Clarence Burgess Owens (born August 2, 1951) is an American politician, nonprofit executive and former professional football player serving as the U.S. representative for Utah's 4th congressional district since 2021. He played safety for 10 seasons for the New York Jets and the Oakland Raiders, winning a championship with the Raiders in Super Bowl XV in 1980. Since leaving the NFL, Owens has founded several businesses and is the CEO of a nonprofit dedicated to helping troubled and incarcerated youth. A Republican, Owens defeated incumbent Democrat Ben McAdams in the 2020 election. Owens is one of four black Republicans in the House of Representatives.

Early life 
Owens was born in Columbus, Ohio, where his Texas-born father had come to do graduate studies he could not complete in Texas due to Jim Crow laws. The family later moved to Tallahassee, Florida, where Owens's father taught as a college professor. Owens was raised in a Baptist home.

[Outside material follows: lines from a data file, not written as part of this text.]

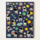 Graphique de clipart astronaute, Espace extra-atmosphérique : astronaute tenant ballon comme une planète, une fusée, étoiles, icône OVNI, icône satellite spatial, planète Saturne, vaisseau spatial, et d'autres. Sur Oxford Blue (bleu marine) arrière - plan.
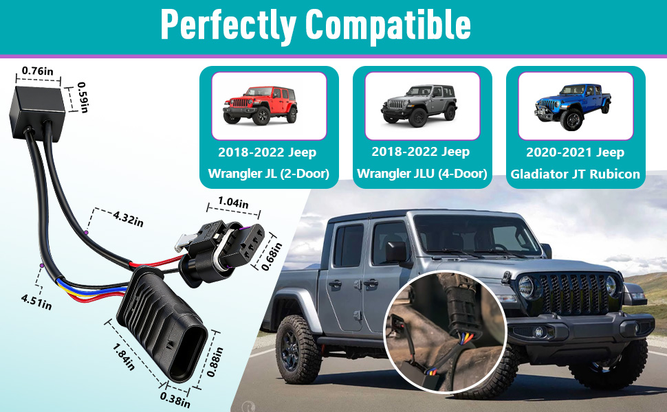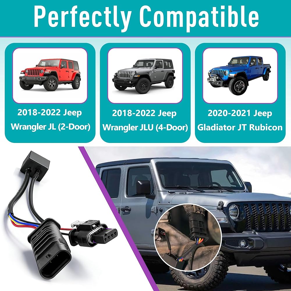 ملاءمة مثالية: تم تصميمه للتوافق المباشر مع التوصيل والتشغيل، تم تصميم سرج الأسلاك الالتفافية هذا خصيصًا لـ 2018-2024 Jeep Wrangler JL/JLU ولموديلات 2020-2023 Jeep Gladiator JT، مما يضمن المحاذاة المثالية والاتصال مع السروج الموجودة في السيارة
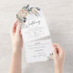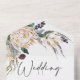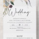 White King Protea All in One Wedding Invitation Elegant und modern mit einem böhmischen Gefühl weißen Königs Protea Hochzeit Einladung. Dieses Design umfasst einige Blumenarrangements aus weißer Protea mit grünem Blattwerk und lila Beeren. Ideal für ein Paar, das eine moderne, weiße Königsprotea Hochzeitseinladung sucht.
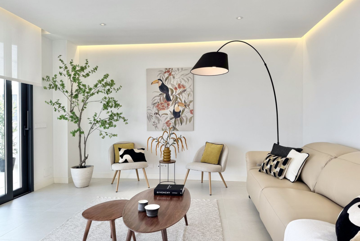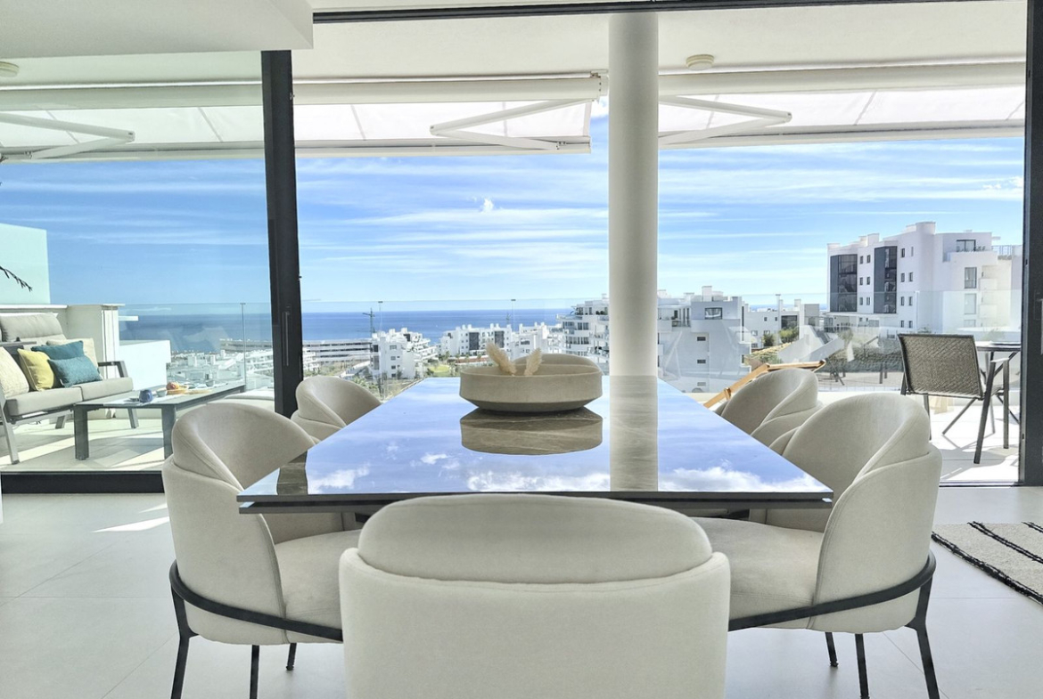This property includes a storage and 2 large parking spaces. The apartment is surrounded by green areas and has fantastic open frontal views onto the green valley leading to the sea. The interior has been tastefully furnished and reveals a feel of space, the interior blending in nicely with the outside terrace. The master bedroom enjoys a private terrace with sea views and a walk-in closet. Extras include both outdoor and indoor electric awnings, underfloor heating in all rooms controlled from your phone via domotics., Neff kitchen appliances. Perimetral ceiling led lighting in sitting room and bedrooms.
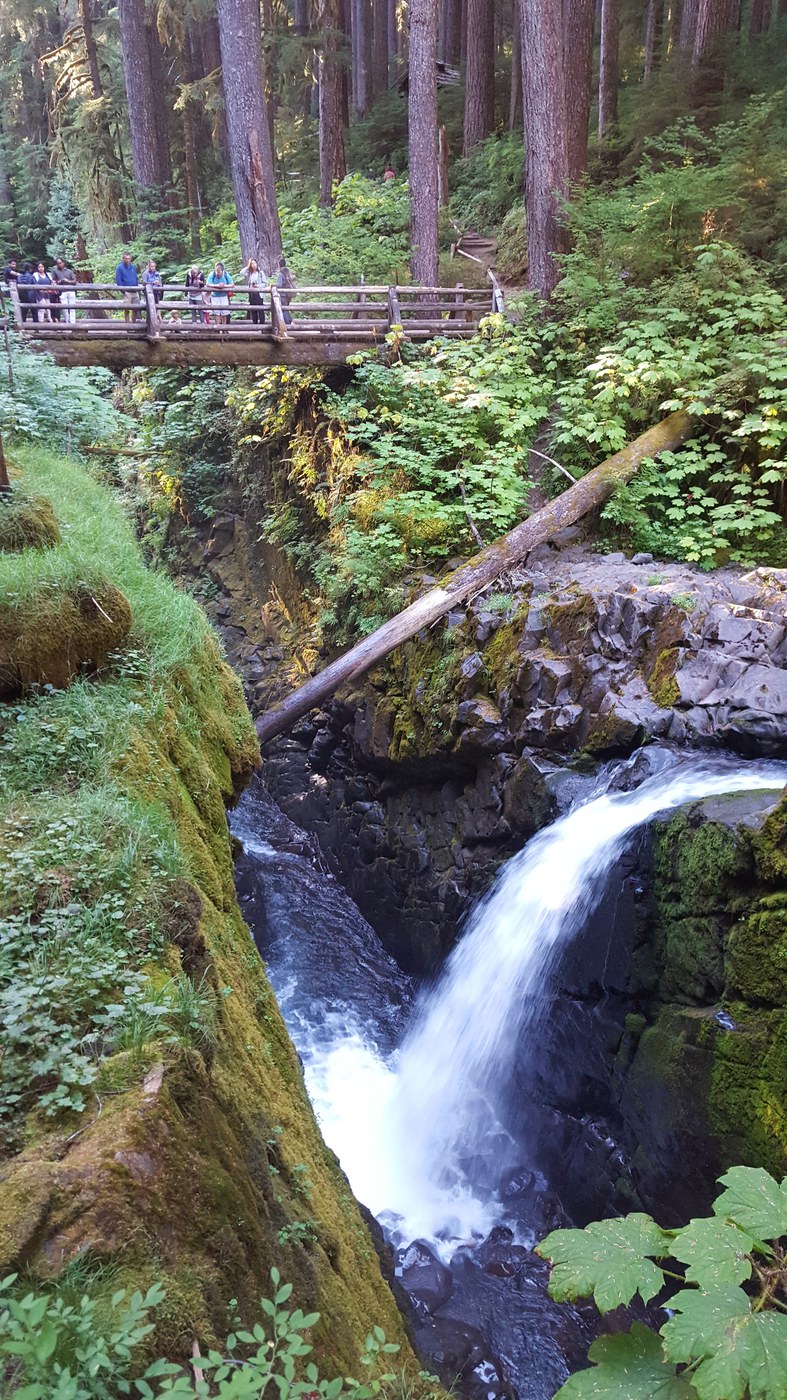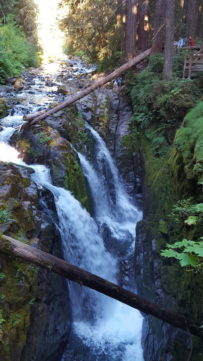 Large parking lot at the end of Sol Duc Road and privies available. Considering its accessibility, this trail is very, very crowded. Folks of all ages, abilities, and shoe types along this short and easy trail. We were out and back in about forty minutes. Well worth the trek if you are in the area.
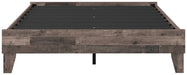 Details Queen platform bed (does not include headboard), Includes footboard, rails and platform, Made with engineered wood (MDF/particleboard/plywood) and decorative laminate for the right balance of affordability and durability, Rustic butcher block finish over replicated pine grain with authentic touch, Bed does not require additional foundation/box spring; accommodates most zero clearance adjustable bases, Mattress available, sold separately, Assembly required
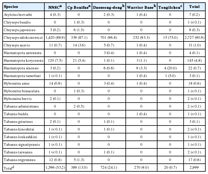 Table 3). Survey sites were divided into 3 groups by their property characteristics: NNSC and Camp Bonifas (adjacent to a low lying area and intermittent stream bordered by young mixed forests), Daeseong-dong and Warrior Base (bordered by rice paddies), and Tongilchon (adjacent to a cow shed and bordered by rice paddies and dry land agriculture on 2 sides and residences on the other 2 sides). Overall, the highest numbers (53.2%) of tabanids were collected from the NNSC camp, while the lowest numbers (0.7%) were collected at a beef farm in Tongilchon (
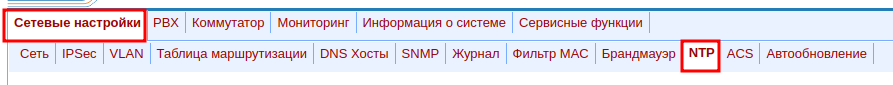 1. Перейдите в web-интерфейсе TAU в меню «Сетевые настройки» → «NTP».
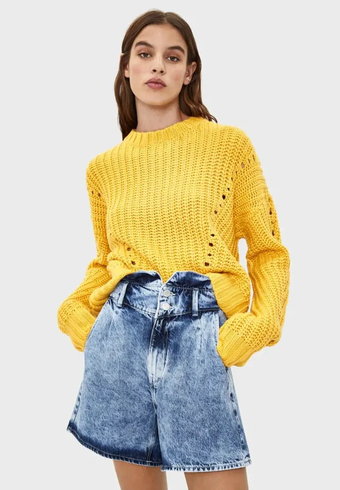 Если тебе не хватает солнца — смело выбирай свитер яркого желтого оттенка. Он задаст настроение в образе и поможет оживить даже самый простой наряд. Носи его на каждый день с джинсами, а по особым дням сочетай с юбками миди летящего кроя.
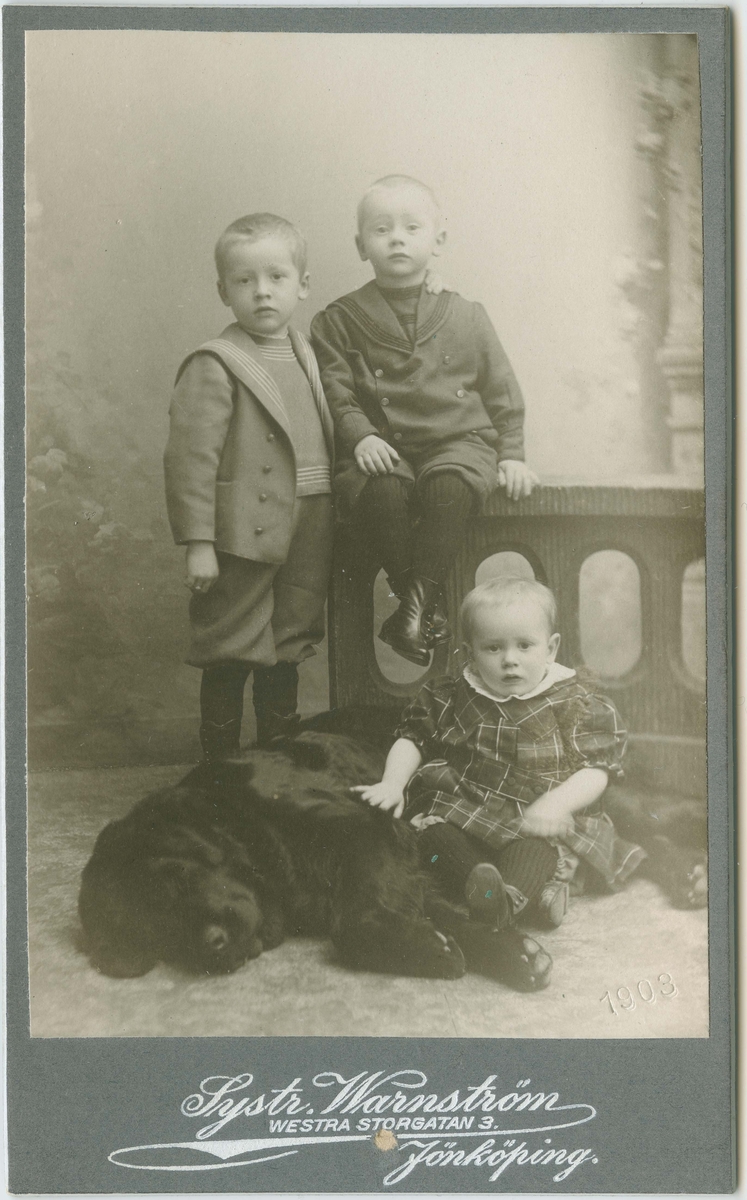 Porträtt på Axel Carléns familj år 1903. Folke, Allan och Berndt.
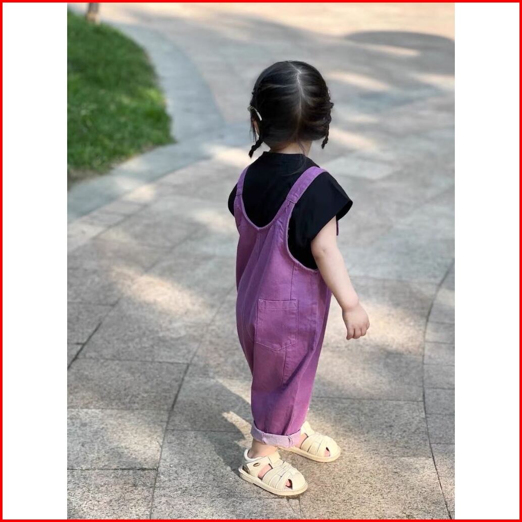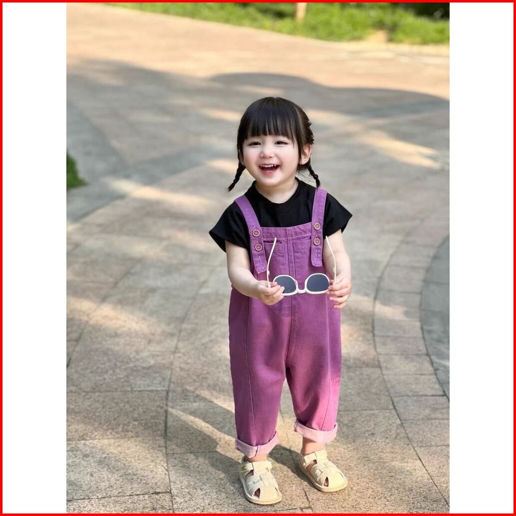 Korea Style Setelan Anak Perempuan Jumpsuit Jeans Anak Perempuan Lengan Pendek Hitam T-shirt Celana Ungu Jeans Kaki Leba
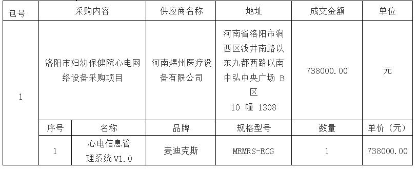 2、项目名称:洛阳市妇幼保健院心电网络设备采购项目
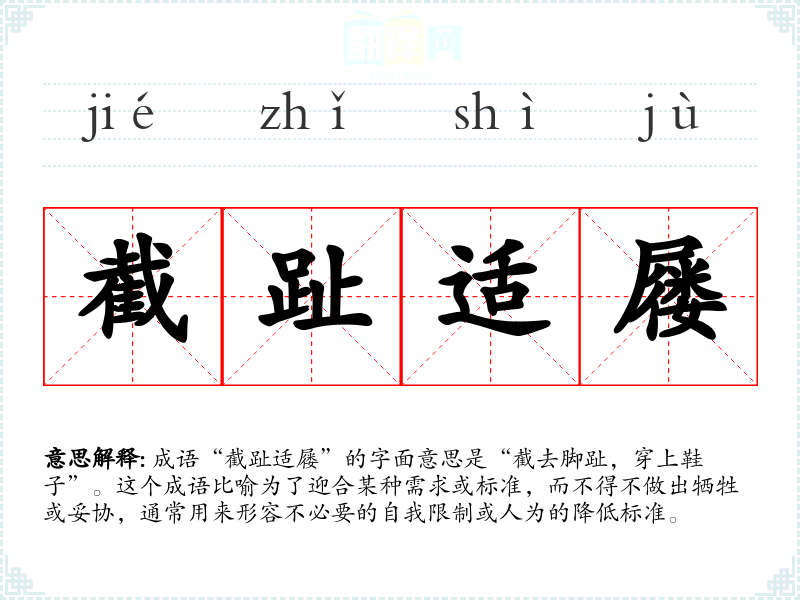 成语“截趾适屦”的字面意思是“截去脚趾,穿上鞋子”。这个成语比喻为了迎合某种需求或标准,而不得不做出牺牲或妥协,通常用来形容不必要的自我限制或人为的降低标准。
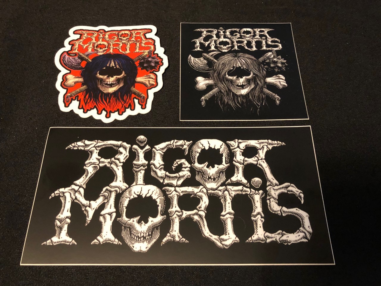 3 pack of Rigor Mortis stickers! One big 4"x8" sticker, and two 4"x4" stickers.
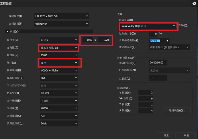 在自定义内分别设置帧尺寸为1080×1920、像素宽高比为1:1,场序为逐行,渲染格式为Grass Valley HQX 最佳。

Education and football career 
Owens graduated from Rickards High School in Tallahassee, Florida, in 1969. He was one of four African-American players who were integrated onto a football team at a historically white high school. Owens was the third of four black athletes recruited to play at the University of Miami and the third black student to earn a scholarship. He was named a First-team All-American defensive back, Most Valuable Defensive Player of the North–South All Star Game, and MVP of the Coaches All-American Game. He was inducted into the University of Miami Sports Hall Of Fame in 1980, and its Orange Bowl "Ring of Honor" in 1999.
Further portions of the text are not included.